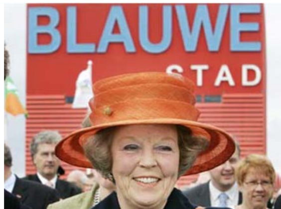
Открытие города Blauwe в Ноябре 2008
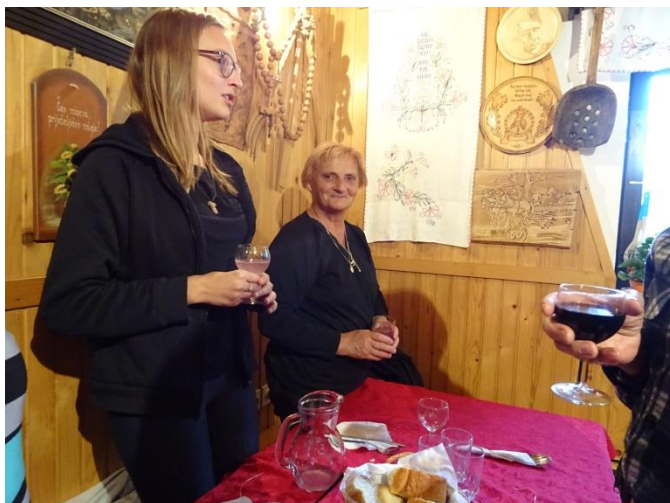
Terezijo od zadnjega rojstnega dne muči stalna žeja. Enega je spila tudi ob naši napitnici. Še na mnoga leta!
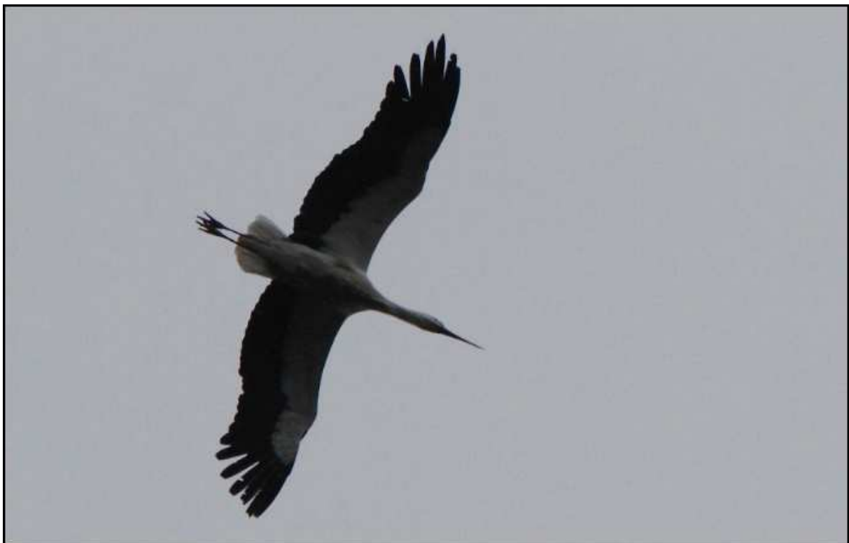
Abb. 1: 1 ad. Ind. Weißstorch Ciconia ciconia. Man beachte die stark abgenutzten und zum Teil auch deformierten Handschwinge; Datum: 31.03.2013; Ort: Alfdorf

⁂

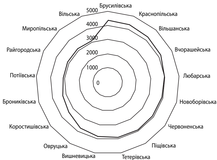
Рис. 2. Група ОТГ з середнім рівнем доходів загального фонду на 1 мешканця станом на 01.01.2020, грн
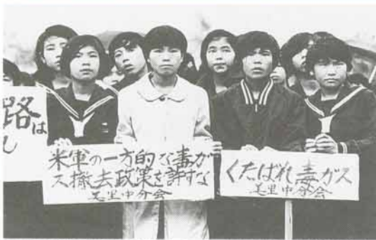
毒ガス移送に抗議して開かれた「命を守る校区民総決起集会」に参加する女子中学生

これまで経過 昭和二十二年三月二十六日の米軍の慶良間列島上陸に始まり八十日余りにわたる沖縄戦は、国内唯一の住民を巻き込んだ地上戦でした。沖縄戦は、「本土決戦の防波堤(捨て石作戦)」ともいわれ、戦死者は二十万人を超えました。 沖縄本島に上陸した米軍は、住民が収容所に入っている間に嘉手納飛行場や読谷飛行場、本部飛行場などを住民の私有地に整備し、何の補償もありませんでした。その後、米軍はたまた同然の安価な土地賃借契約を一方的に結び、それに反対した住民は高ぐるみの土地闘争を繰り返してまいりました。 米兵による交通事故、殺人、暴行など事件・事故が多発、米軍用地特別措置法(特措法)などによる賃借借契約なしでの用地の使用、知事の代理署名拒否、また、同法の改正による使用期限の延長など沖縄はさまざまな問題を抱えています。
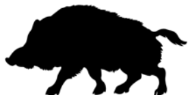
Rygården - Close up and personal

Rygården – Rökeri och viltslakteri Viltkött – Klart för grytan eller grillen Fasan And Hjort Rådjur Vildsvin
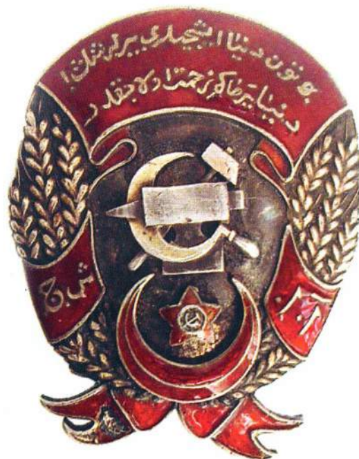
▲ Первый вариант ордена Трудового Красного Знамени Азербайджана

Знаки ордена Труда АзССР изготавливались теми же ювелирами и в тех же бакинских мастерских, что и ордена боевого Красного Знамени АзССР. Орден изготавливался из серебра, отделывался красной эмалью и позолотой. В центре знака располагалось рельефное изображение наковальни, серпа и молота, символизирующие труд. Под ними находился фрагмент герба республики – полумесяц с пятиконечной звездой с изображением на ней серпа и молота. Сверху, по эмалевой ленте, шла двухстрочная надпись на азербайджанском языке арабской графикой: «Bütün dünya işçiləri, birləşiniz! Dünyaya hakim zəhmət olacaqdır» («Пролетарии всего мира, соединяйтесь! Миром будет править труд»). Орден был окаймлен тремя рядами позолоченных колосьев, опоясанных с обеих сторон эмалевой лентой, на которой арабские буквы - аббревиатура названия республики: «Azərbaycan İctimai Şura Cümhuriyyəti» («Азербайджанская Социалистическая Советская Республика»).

⁂

§ WORK REQUIRED
Above are the records; return the lines in them from the one with "Рис. 2. Група" to the one with "Красного Знамени Азербайджана", inclusive, exactly and without images.

§ EXPECTED ANSWER
Рис. 2. Група ОТГ з середнім рівнем доходів загального фонду на 1 мешканця станом на 01.01.2020, грн
毒ガス移送に抗議して開かれた「命を守る校区民総決起集会」に参加する女子中学生

これまで経過 昭和二十二年三月二十六日の米軍の慶良間列島上陸に始まり八十日余りにわたる沖縄戦は、国内唯一の住民を巻き込んだ地上戦でした。沖縄戦は、「本土決戦の防波堤(捨て石作戦)」ともいわれ、戦死者は二十万人を超えました。 沖縄本島に上陸した米軍は、住民が収容所に入っている間に嘉手納飛行場や読谷飛行場、本部飛行場などを住民の私有地に整備し、何の補償もありませんでした。その後、米軍はたまた同然の安価な土地賃借契約を一方的に結び、それに反対した住民は高ぐるみの土地闘争を繰り返してまいりました。 米兵による交通事故、殺人、暴行など事件・事故が多発、米軍用地特別措置法(特措法)などによる賃借借契約なしでの用地の使用、知事の代理署名拒否、また、同法の改正による使用期限の延長など沖縄はさまざまな問題を抱えています。
Rygården - Close up and personal

Rygården – Rökeri och viltslakteri Viltkött – Klart för grytan eller grillen Fasan And Hjort Rådjur Vildsvin
▲ Первый вариант ордена Трудового Красного Знамени Азербайджана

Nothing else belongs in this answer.